[Source data]
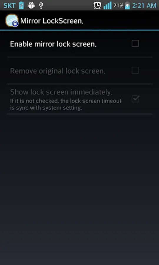 * Please launch the app once at the first time. Otherwise the lock screen will not be launch correctly *
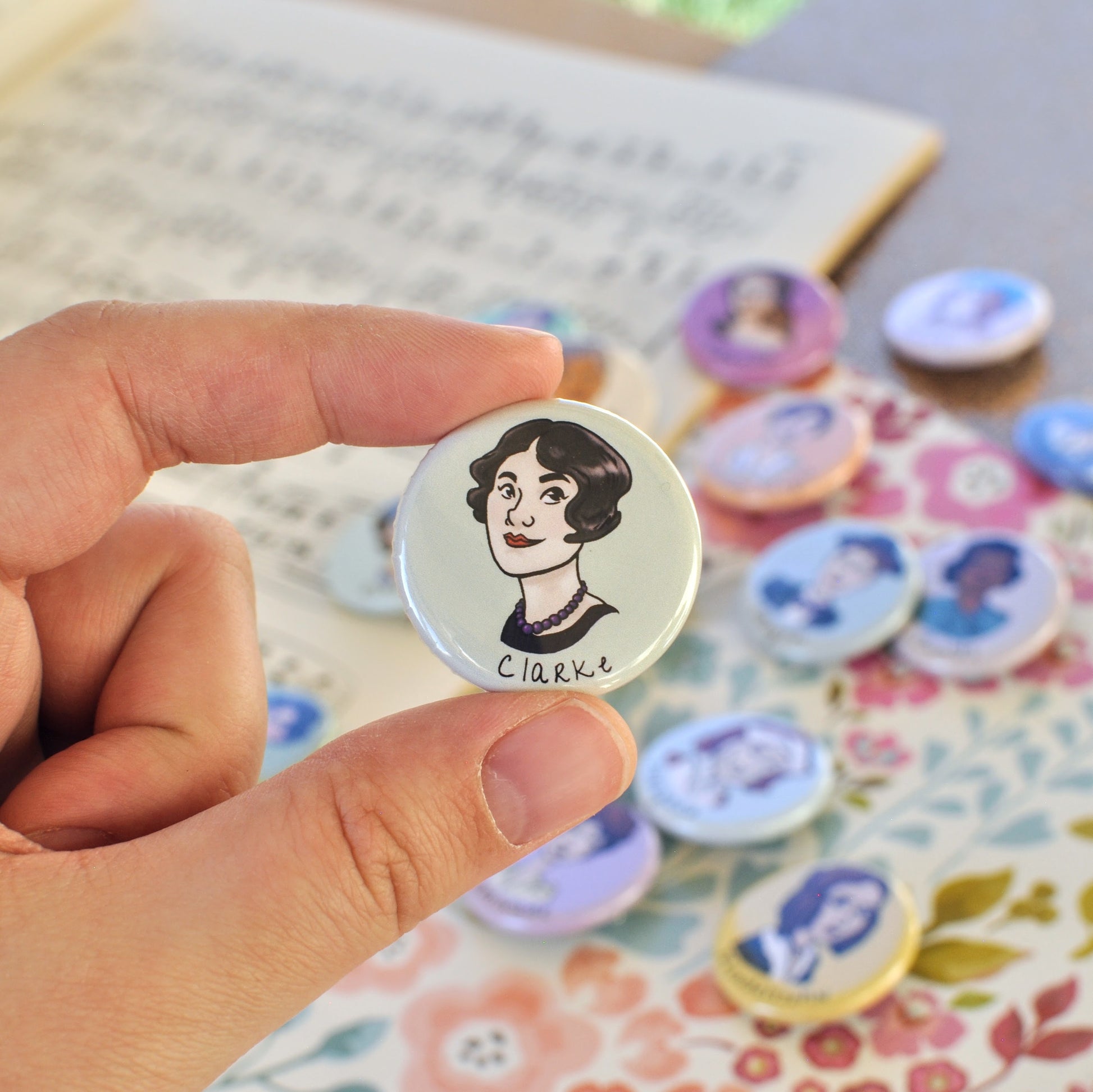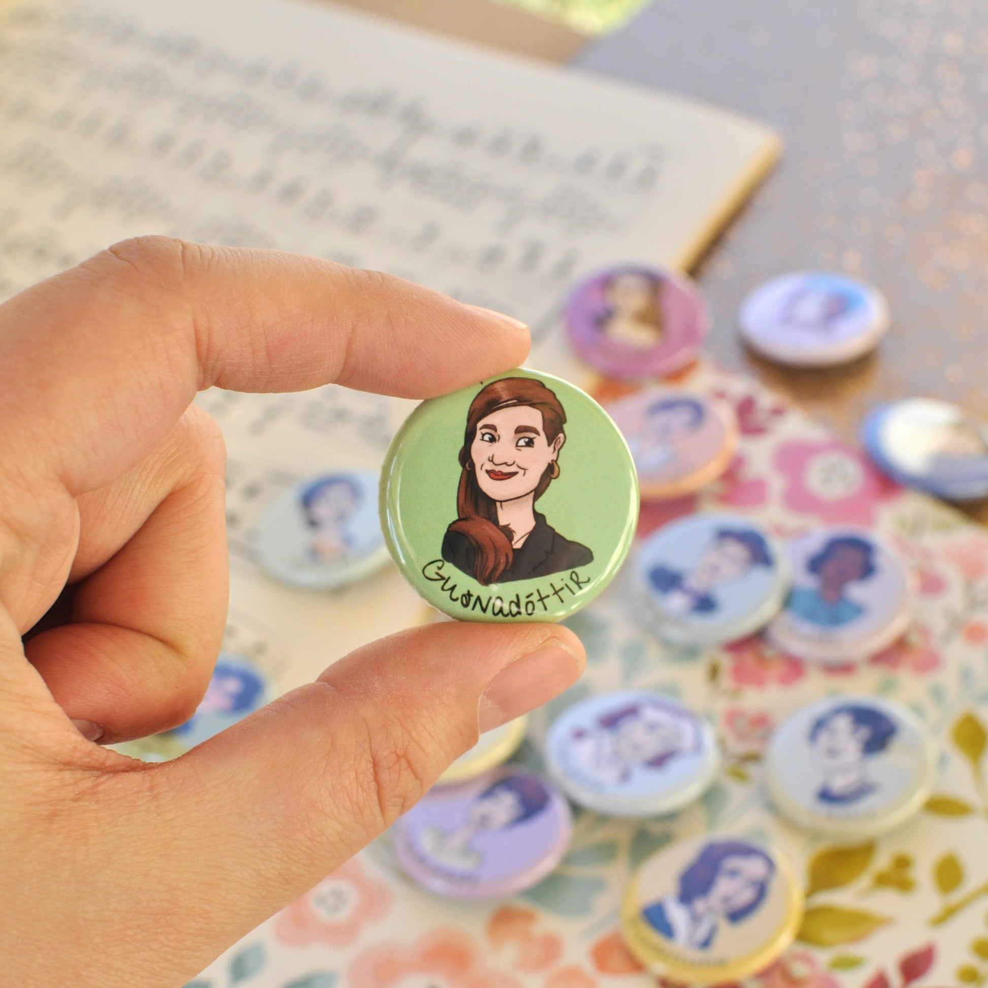 Product Details- Set includes 9 buttons. Buttons are 1.25” in size and assembled with American-made components. Contact us for bulk pricing. Note: Pinback Buttons are sharp. Please handle with care.
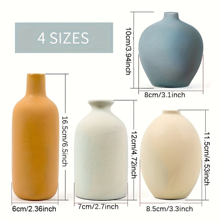 Minimalist Design: This set of 4 ceramic vases boasts a minimalist style, ideal for various home decor themes including country home decor, modern farmhouse, and more. The sleek and simple design ensures they blend seamlessly with any interior setting.
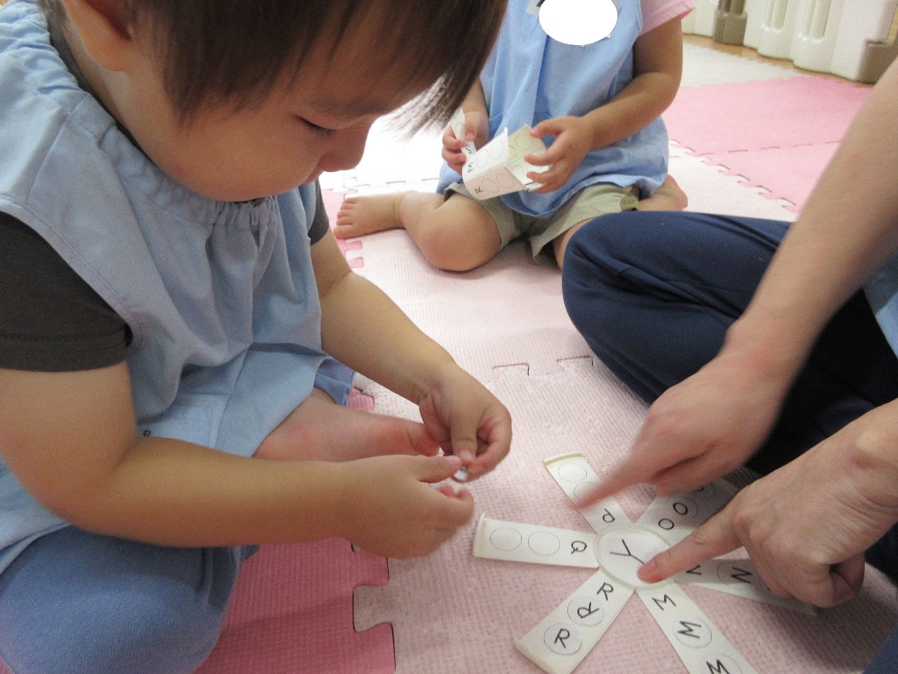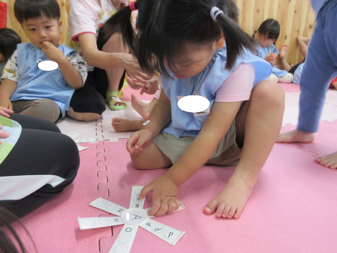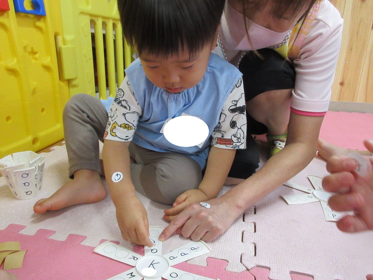 アルファベットのシール貼りも
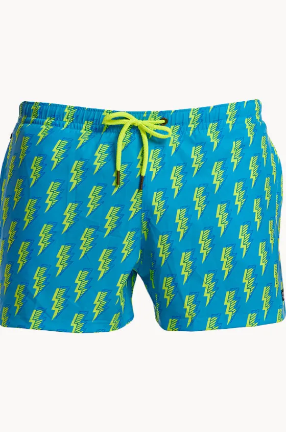 Funky Trunks Mens Bolted Shorty Short in Blue/Yellow features an elasticated waistband, drawcord, deep side pockets, 8.5cm inseam, and is quick drying.
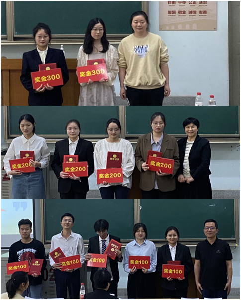 江陵中学教师宋东映、我系李义芳老师分别对1-5组、6-11组选手表现做出点评,并提出了针对性意见。其他评委们还提出,师范技能竞赛是一个从技巧到技能到技艺的一个过程,应从立意构思、教学语言、教态等方面磨练教学技能。经过激烈角逐,宁静、费可欣荣获一等奖;谭诗雨、李思涵、陈江燕、谯佳颖荣获二等奖;崔敏、孙卫、石环宇、张欣怡、苏再虎荣获三等奖。评委老师们为获奖参赛选手颁发了荣誉证书和奖金,并表达了对他们的殷切期望。
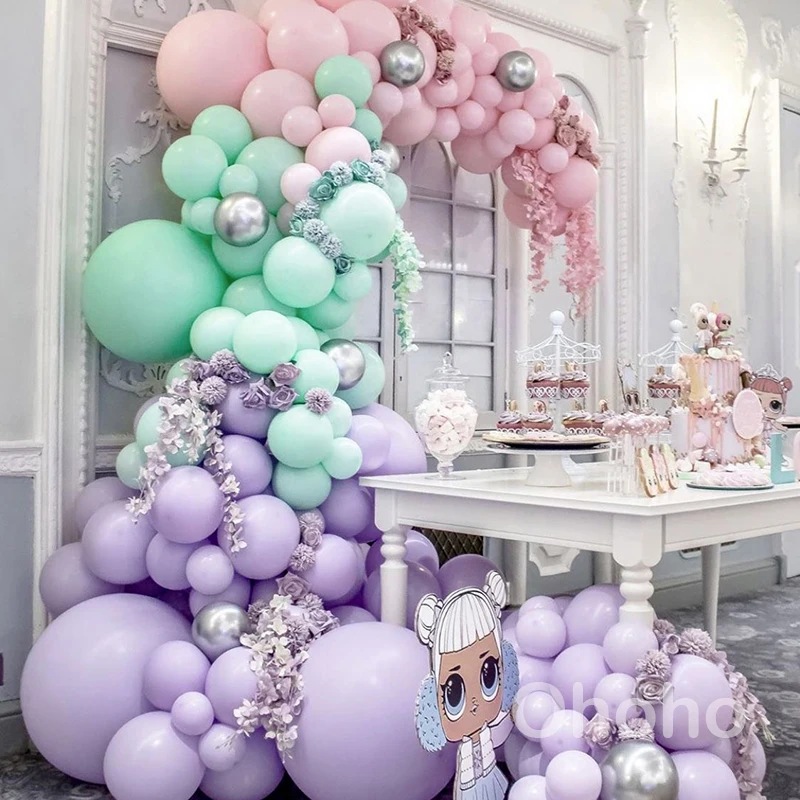Охохо розовый зеленый фиолетовый Пастель Макарон воздушные шары гирлянда арочный Комплект Baby Shower День рождения Декор для взрослых свадебный фон
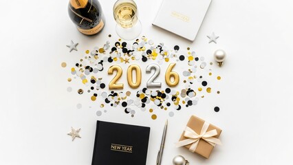 Golden New Year 2026 Celebration Champagne Gift Ideas Luxury Party Decorations & Notebooks
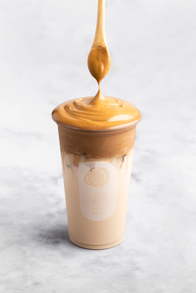 ▼「焦糖咖啡奶茶」則是將優質鮮奶茶底淋上厚重綿密的奶蓋,再搭配烘焙香氣十足的咖啡慕斯醬,最後以金黃香甜的焦糖醬點綴,每一口都能感受到咖啡甘苦、奶茶香醇、奶蓋綿密、焦糖濃稠香甜等層層分明的幸福。

_YOUR OBJECTIVE:_ Write out exactly the stretch of lines that begins with the line containing "江陵中学教师宋东映、我系李义" and ends with the last line of the records above, leaving out the pictures.

_YOUR RESPONSE:_
 江陵中学教师宋东映、我系李义芳老师分别对1-5组、6-11组选手表现做出点评,并提出了针对性意见。其他评委们还提出,师范技能竞赛是一个从技巧到技能到技艺的一个过程,应从立意构思、教学语言、教态等方面磨练教学技能。经过激烈角逐,宁静、费可欣荣获一等奖;谭诗雨、李思涵、陈江燕、谯佳颖荣获二等奖;崔敏、孙卫、石环宇、张欣怡、苏再虎荣获三等奖。评委老师们为获奖参赛选手颁发了荣誉证书和奖金,并表达了对他们的殷切期望。
Охохо розовый зеленый фиолетовый Пастель Макарон воздушные шары гирлянда арочный Комплект Baby Shower День рождения Декор для взрослых свадебный фон
 Golden New Year 2026 Celebration Champagne Gift Ideas Luxury Party Decorations & Notebooks
 ▼「焦糖咖啡奶茶」則是將優質鮮奶茶底淋上厚重綿密的奶蓋,再搭配烘焙香氣十足的咖啡慕斯醬,最後以金黃香甜的焦糖醬點綴,每一口都能感受到咖啡甘苦、奶茶香醇、奶蓋綿密、焦糖濃稠香甜等層層分明的幸福。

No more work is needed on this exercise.